Leave every image out, and return the rest of the data word for word.
(Raw data begins)
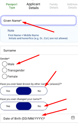 - Passport Type फील करने के बाद Applicant Details दर्ज करनी हैं यहाँ पर वही जानकारी दर्ज करें जो आप पासपोर्ट पर प्रिंट करना चाहते हैं,
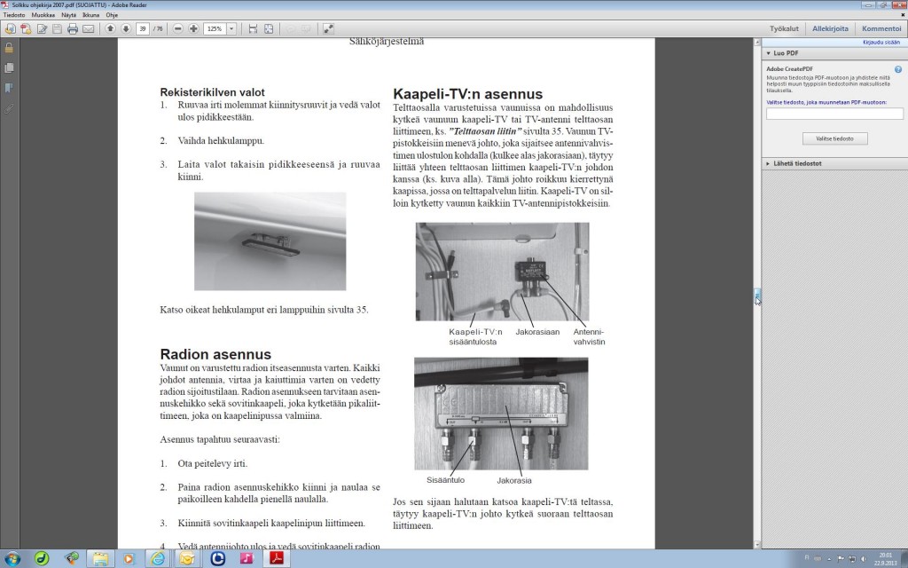 Ok. Siis onko noi ns. viikset tarkoitettu tuon VHF -alueen vastaanottoon? Kyllähän tuo rakenne ainakin ulospäin poikeaa talojen antenneista. Luulin että ne jotenkin liittyvät radiovastaanottoon  Oletin hyväuskoisena, että vaunun tuotantovuonna on digitv lähetyksiä on ollut jo pitkään euroopassa Katsoin vaunusta, että tosiaan siinä boxissa luki kyllä power supply - eli syöttänee tuohon antenniin myös sähköä. Kysymys kuuluu; voiko tuon antennille menvään liittimeen kytkeä tuon satelliitti/keskusantenni tulon hajottamatta mitään?  Tuo valkoinen mötikkä näyttää toimivan myös antennijohdon haaroittimena?  Tuskin kyselisin jos tuosta antennista olisi löytynyt jostain jonkinmoista manuaalia/ohjetta tai muuta vastaavaa... Ja arvatenkin vaunun käyttöohjekirjasta ei mitään apa ollut
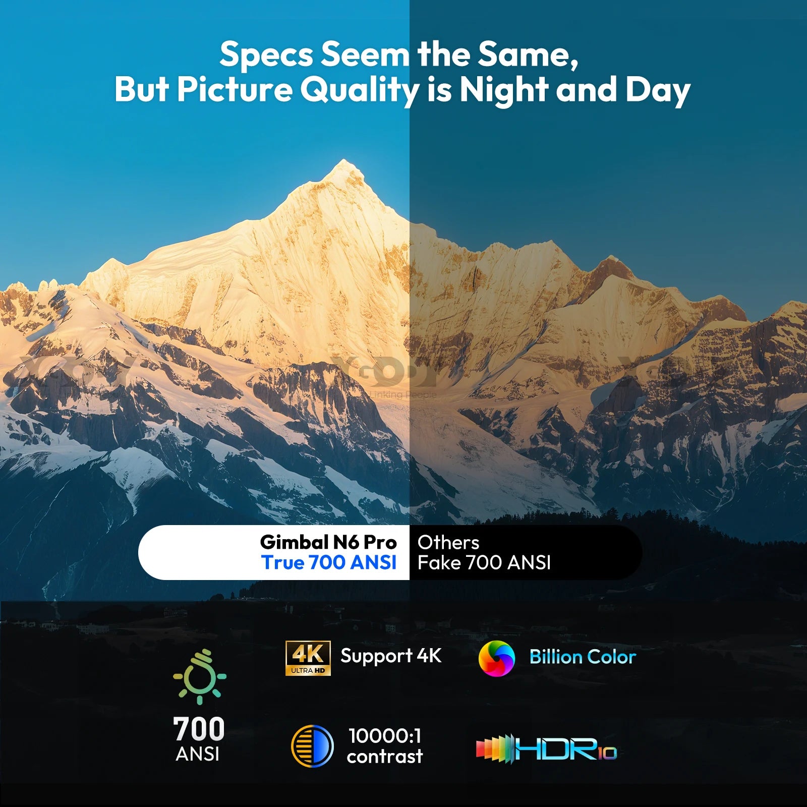 【Say goodbye to dark screens | 700 ANSI | 4K Support】This latest mini projector from 2025 features a native Full HD resolution of 1080p and a brightness of 700 ANSI lumens. The 4K TV projector displays over 50% more details more vividly than other projectors with 1080p support, and 4K support takes video quality to a new level. Experience a vivid and immersive visual experience. |
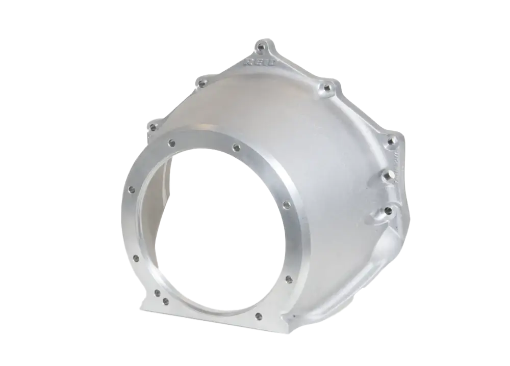 Chevrolet bellhousing for the Reid Racing 2 piece Superglide and Super Hydra 400® cases fits all Chevys including small block, big block, and LS V8’s along with 4.3 V6 engines. The bellhousing is 1 inch longer than a standard GM bellhousing to allow use with lock up converters. By not requiring a spacer or an even more expensive “can”, it is a cost effective solution for those cars requiring a lock up converter with tight transmission tunnels or applications where firewall clearance is at a premium.
(Raw data ends)
● Written reply:
 - Passport Type फील करने के बाद Applicant Details दर्ज करनी हैं यहाँ पर वही जानकारी दर्ज करें जो आप पासपोर्ट पर प्रिंट करना चाहते हैं,
 Ok. Siis onko noi ns. viikset tarkoitettu tuon VHF -alueen vastaanottoon? Kyllähän tuo rakenne ainakin ulospäin poikeaa talojen antenneista. Luulin että ne jotenkin liittyvät radiovastaanottoon  Oletin hyväuskoisena, että vaunun tuotantovuonna on digitv lähetyksiä on ollut jo pitkään euroopassa Katsoin vaunusta, että tosiaan siinä boxissa luki kyllä power supply - eli syöttänee tuohon antenniin myös sähköä. Kysymys kuuluu; voiko tuon antennille menvään liittimeen kytkeä tuon satelliitti/keskusantenni tulon hajottamatta mitään?  Tuo valkoinen mötikkä näyttää toimivan myös antennijohdon haaroittimena?  Tuskin kyselisin jos tuosta antennista olisi löytynyt jostain jonkinmoista manuaalia/ohjetta tai muuta vastaavaa... Ja arvatenkin vaunun käyttöohjekirjasta ei mitään apa ollut
 【Say goodbye to dark screens | 700 ANSI | 4K Support】This latest mini projector from 2025 features a native Full HD resolution of 1080p and a brightness of 700 ANSI lumens. The 4K TV projector displays over 50% more details more vividly than other projectors with 1080p support, and 4K support takes video quality to a new level. Experience a vivid and immersive visual experience. |
 Chevrolet bellhousing for the Reid Racing 2 piece Superglide and Super Hydra 400® cases fits all Chevys including small block, big block, and LS V8’s along with 4.3 V6 engines. The bellhousing is 1 inch longer than a standard GM bellhousing to allow use with lock up converters. By not requiring a spacer or an even more expensive “can”, it is a cost effective solution for those cars requiring a lock up converter with tight transmission tunnels or applications where firewall clearance is at a premium.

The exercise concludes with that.